Dataset items:

☆ ☆ ☆

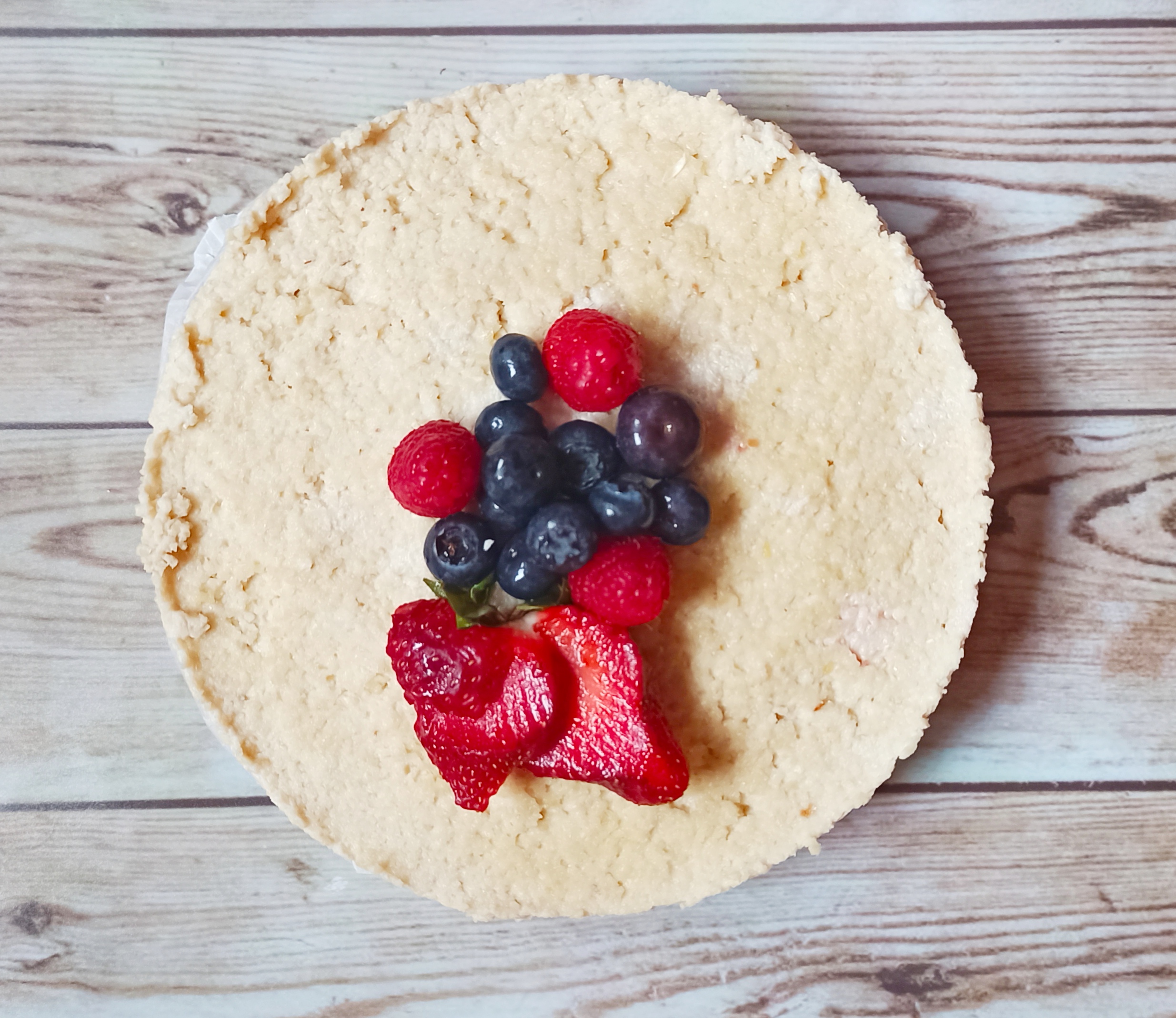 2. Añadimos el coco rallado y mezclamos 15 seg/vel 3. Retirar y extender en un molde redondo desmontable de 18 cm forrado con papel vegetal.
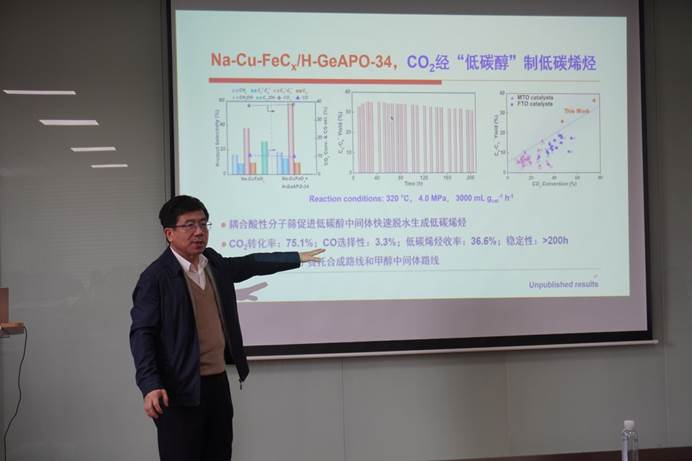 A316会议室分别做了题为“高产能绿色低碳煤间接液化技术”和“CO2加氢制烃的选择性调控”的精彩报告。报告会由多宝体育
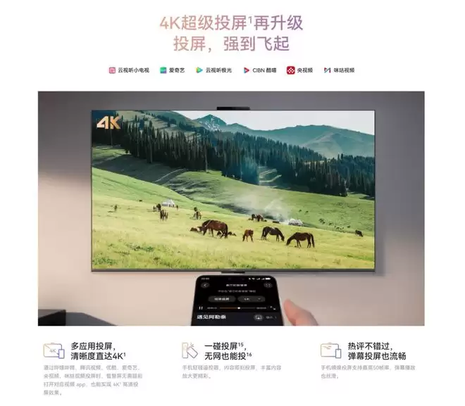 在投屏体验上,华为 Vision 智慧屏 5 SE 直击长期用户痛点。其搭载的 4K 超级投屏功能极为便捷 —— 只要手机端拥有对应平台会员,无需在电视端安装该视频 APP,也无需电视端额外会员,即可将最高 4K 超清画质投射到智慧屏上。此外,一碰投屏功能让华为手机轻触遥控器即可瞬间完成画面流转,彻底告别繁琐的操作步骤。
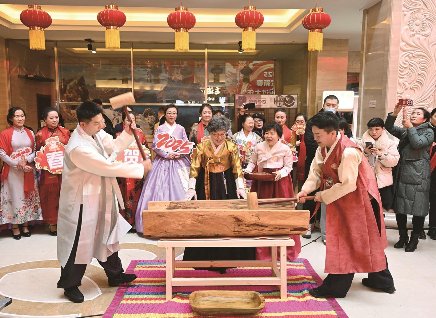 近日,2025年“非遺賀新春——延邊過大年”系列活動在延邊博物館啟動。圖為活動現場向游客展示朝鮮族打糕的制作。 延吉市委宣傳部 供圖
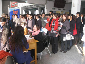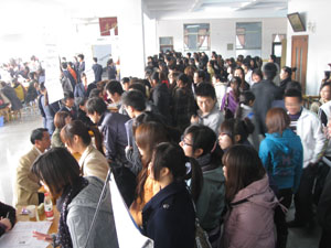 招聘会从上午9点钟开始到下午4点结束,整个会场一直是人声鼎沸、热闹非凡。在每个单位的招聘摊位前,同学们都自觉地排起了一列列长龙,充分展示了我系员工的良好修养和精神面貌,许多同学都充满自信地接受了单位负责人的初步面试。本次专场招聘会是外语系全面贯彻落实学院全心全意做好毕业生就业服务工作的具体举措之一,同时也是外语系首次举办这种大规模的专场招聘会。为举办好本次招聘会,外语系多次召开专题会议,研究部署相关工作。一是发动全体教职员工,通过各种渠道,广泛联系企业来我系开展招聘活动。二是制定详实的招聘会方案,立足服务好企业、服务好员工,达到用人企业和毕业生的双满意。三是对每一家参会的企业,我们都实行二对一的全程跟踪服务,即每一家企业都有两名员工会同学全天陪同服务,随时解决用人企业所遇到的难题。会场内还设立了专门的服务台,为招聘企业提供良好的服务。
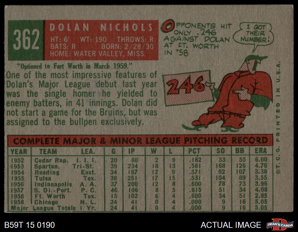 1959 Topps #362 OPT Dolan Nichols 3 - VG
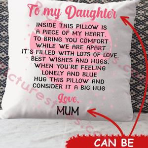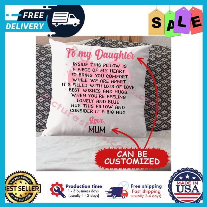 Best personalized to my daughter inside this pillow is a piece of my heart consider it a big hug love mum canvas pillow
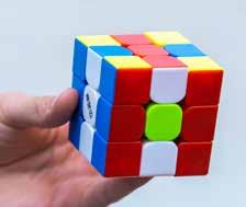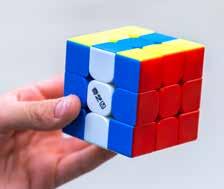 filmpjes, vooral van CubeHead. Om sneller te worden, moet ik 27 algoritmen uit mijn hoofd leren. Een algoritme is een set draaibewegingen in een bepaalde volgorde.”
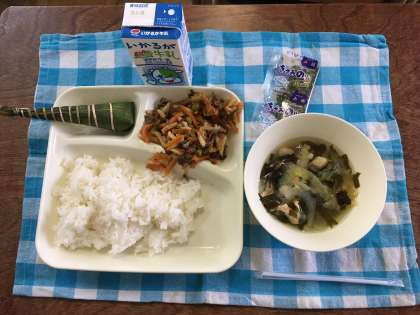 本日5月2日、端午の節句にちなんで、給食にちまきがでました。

☆ ☆ ☆

What the task requires ▸ I would like an exact copy of the lines from the one holding "招聘会从上午9点钟开始到下午" through the last line of the entries above, with the pictures left out.

Task output ▸
 招聘会从上午9点钟开始到下午4点结束,整个会场一直是人声鼎沸、热闹非凡。在每个单位的招聘摊位前,同学们都自觉地排起了一列列长龙,充分展示了我系员工的良好修养和精神面貌,许多同学都充满自信地接受了单位负责人的初步面试。本次专场招聘会是外语系全面贯彻落实学院全心全意做好毕业生就业服务工作的具体举措之一,同时也是外语系首次举办这种大规模的专场招聘会。为举办好本次招聘会,外语系多次召开专题会议,研究部署相关工作。一是发动全体教职员工,通过各种渠道,广泛联系企业来我系开展招聘活动。二是制定详实的招聘会方案,立足服务好企业、服务好员工,达到用人企业和毕业生的双满意。三是对每一家参会的企业,我们都实行二对一的全程跟踪服务,即每一家企业都有两名员工会同学全天陪同服务,随时解决用人企业所遇到的难题。会场内还设立了专门的服务台,为招聘企业提供良好的服务。
 1959 Topps #362 OPT Dolan Nichols 3 - VG
 Best personalized to my daughter inside this pillow is a piece of my heart consider it a big hug love mum canvas pillow
 filmpjes, vooral van CubeHead. Om sneller te worden, moet ik 27 algoritmen uit mijn hoofd leren. Een algoritme is een set draaibewegingen in een bepaalde volgorde.”
 本日5月2日、端午の節句にちなんで、給食にちまきがでました。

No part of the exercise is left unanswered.